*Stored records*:
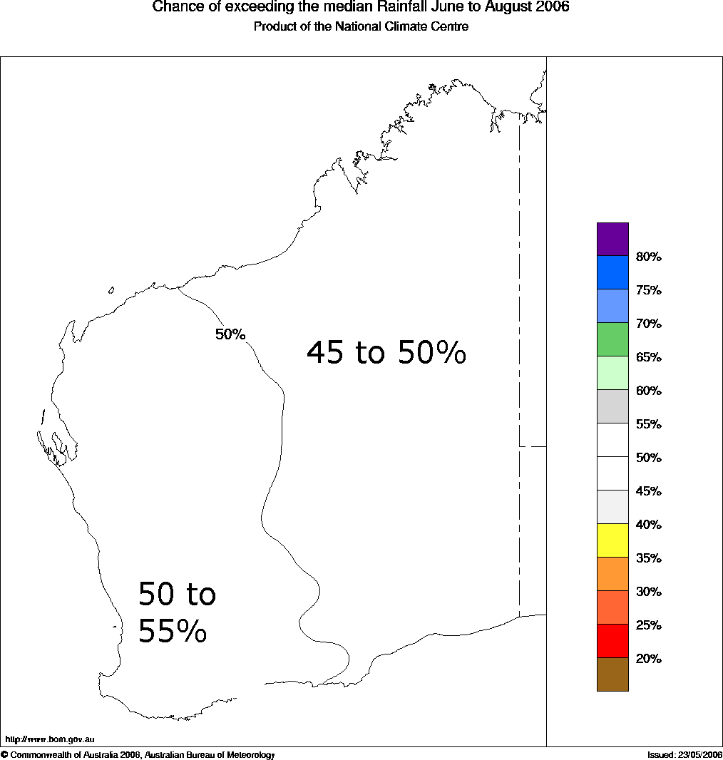 WA Seasonal Rainfall Outlook: probabilities for Winter 2006,
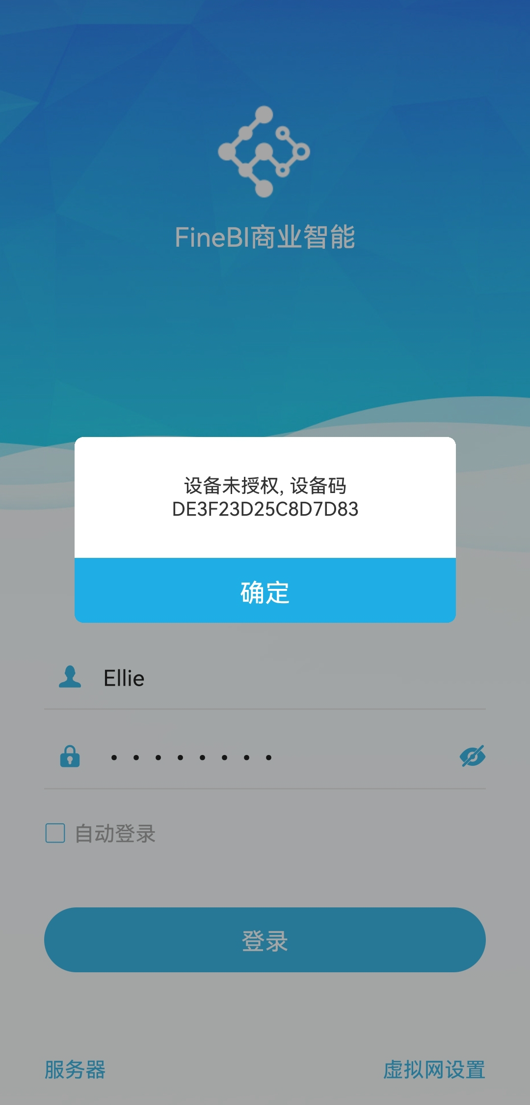 1)开启设备绑定后,一个从未授权过任何设备的用户,第一次使用移动设备登录 App 访问 BI 工程/仪表板,服务器即可自动绑定移动设备。
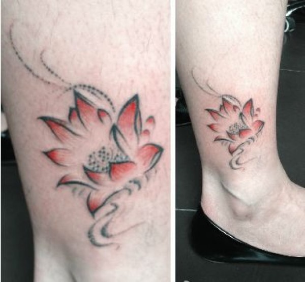 女生腿部时尚流行的水墨风格莲花纹身图案_女生纹身图案大全_纹身图吧
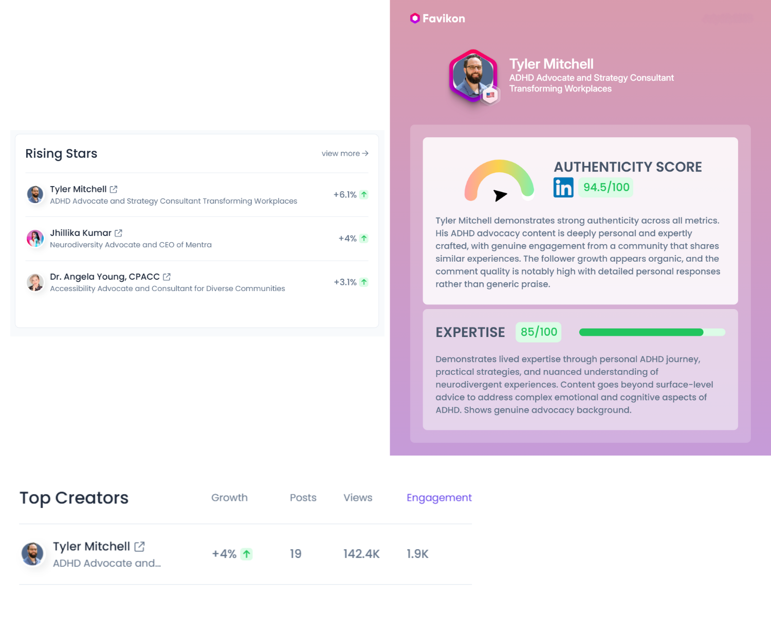 I'm not one to brag (much), but the numbers don't lie. I've been ranked #1 in the US for Neurodiversity content and #1 Rising Creator in my category. My authenticity score is 94.5/100, which either means I'm really good at being myself, or I'm terrible at pretending to be someone else. I'm going with the first one.
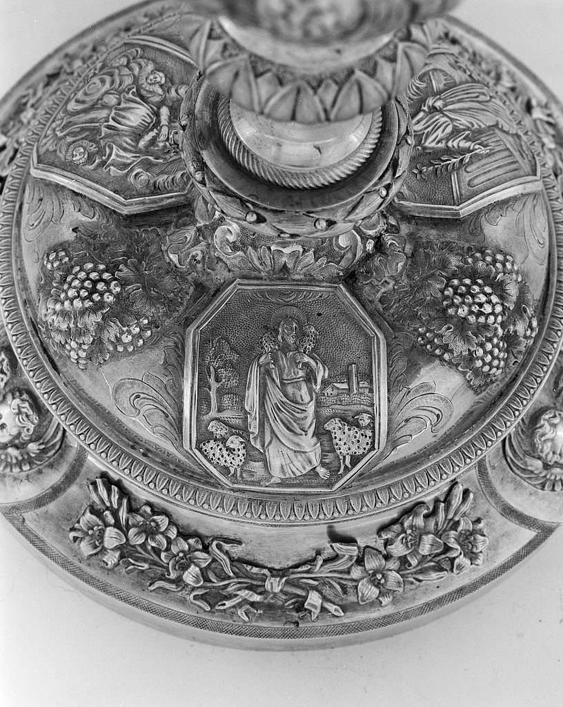 Détail du pied, motif Bon Pasteur.Immatriculation
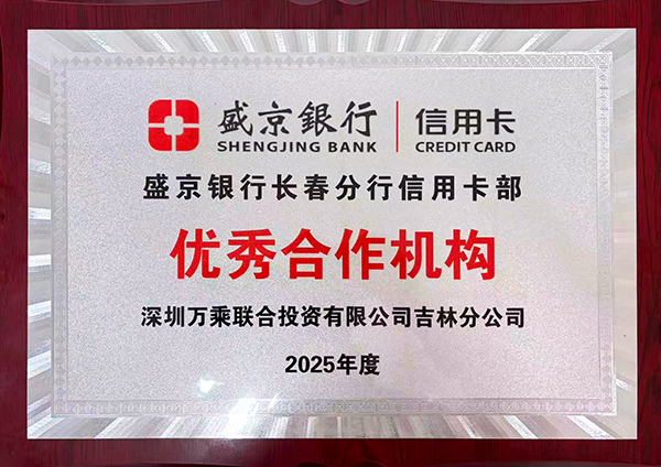 开门见喜,一马当先。2026年2月10日,盛京银行长春分行信用卡部授予吉林万乘“2025年度信用卡合作催收“优秀合作机构”荣誉称号。
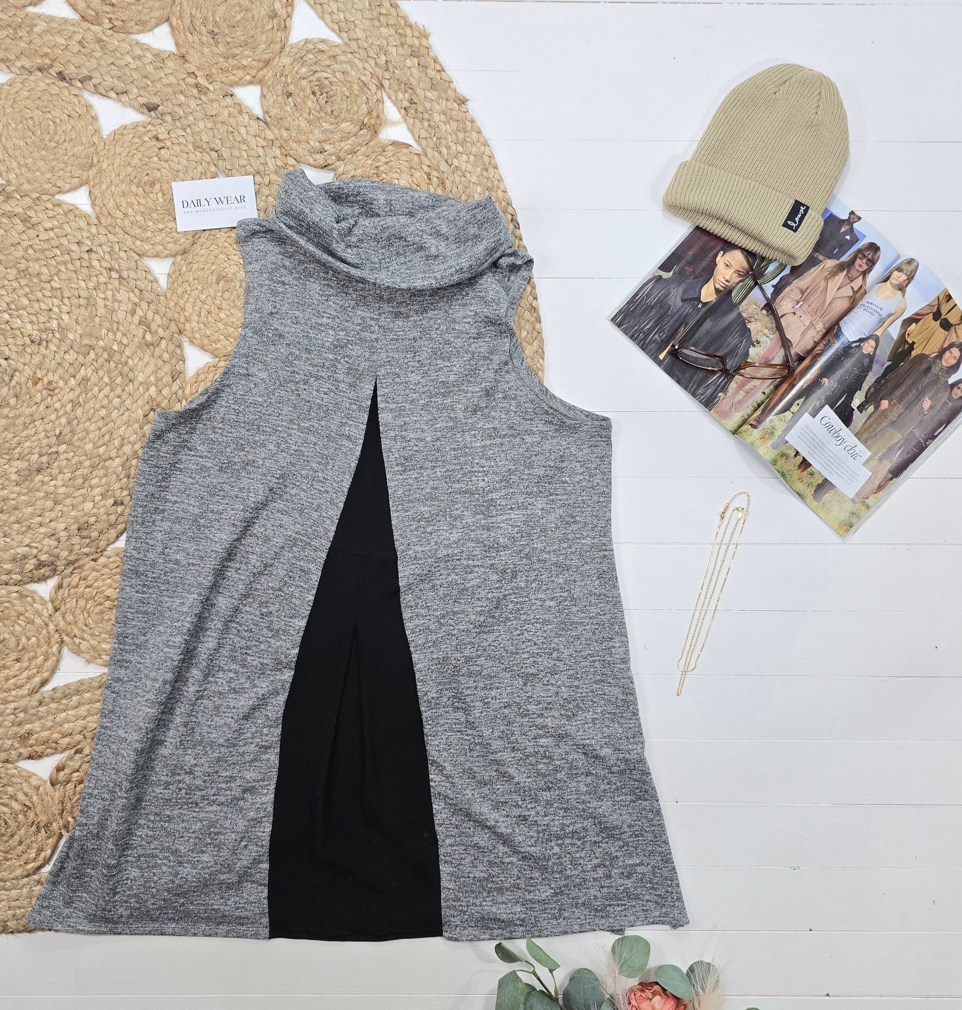 Rockez votre style avec notre tunique grise à la fois chic et décontractée. Avec sa coupe sans manches et son col baveux, elle vous apportera une touche de fantaisie à toutes vos tenues. Taille XLarge pour un confort optimal. (Attention, risques d'envies chez les amies jalouses !)

*What you should do*: Every line in the records is to be retyped exactly as it stands; the pictures stay out.

*Task result*:
 WA Seasonal Rainfall Outlook: probabilities for Winter 2006,
 1)开启设备绑定后,一个从未授权过任何设备的用户,第一次使用移动设备登录 App 访问 BI 工程/仪表板,服务器即可自动绑定移动设备。
 女生腿部时尚流行的水墨风格莲花纹身图案_女生纹身图案大全_纹身图吧
 I'm not one to brag (much), but the numbers don't lie. I've been ranked #1 in the US for Neurodiversity content and #1 Rising Creator in my category. My authenticity score is 94.5/100, which either means I'm really good at being myself, or I'm terrible at pretending to be someone else. I'm going with the first one.
 Détail du pied, motif Bon Pasteur.Immatriculation
 开门见喜,一马当先。2026年2月10日,盛京银行长春分行信用卡部授予吉林万乘“2025年度信用卡合作催收“优秀合作机构”荣誉称号。
 Rockez votre style avec notre tunique grise à la fois chic et décontractée. Avec sa coupe sans manches et son col baveux, elle vous apportera une touche de fantaisie à toutes vos tenues. Taille XLarge pour un confort optimal. (Attention, risques d'envies chez les amies jalouses !)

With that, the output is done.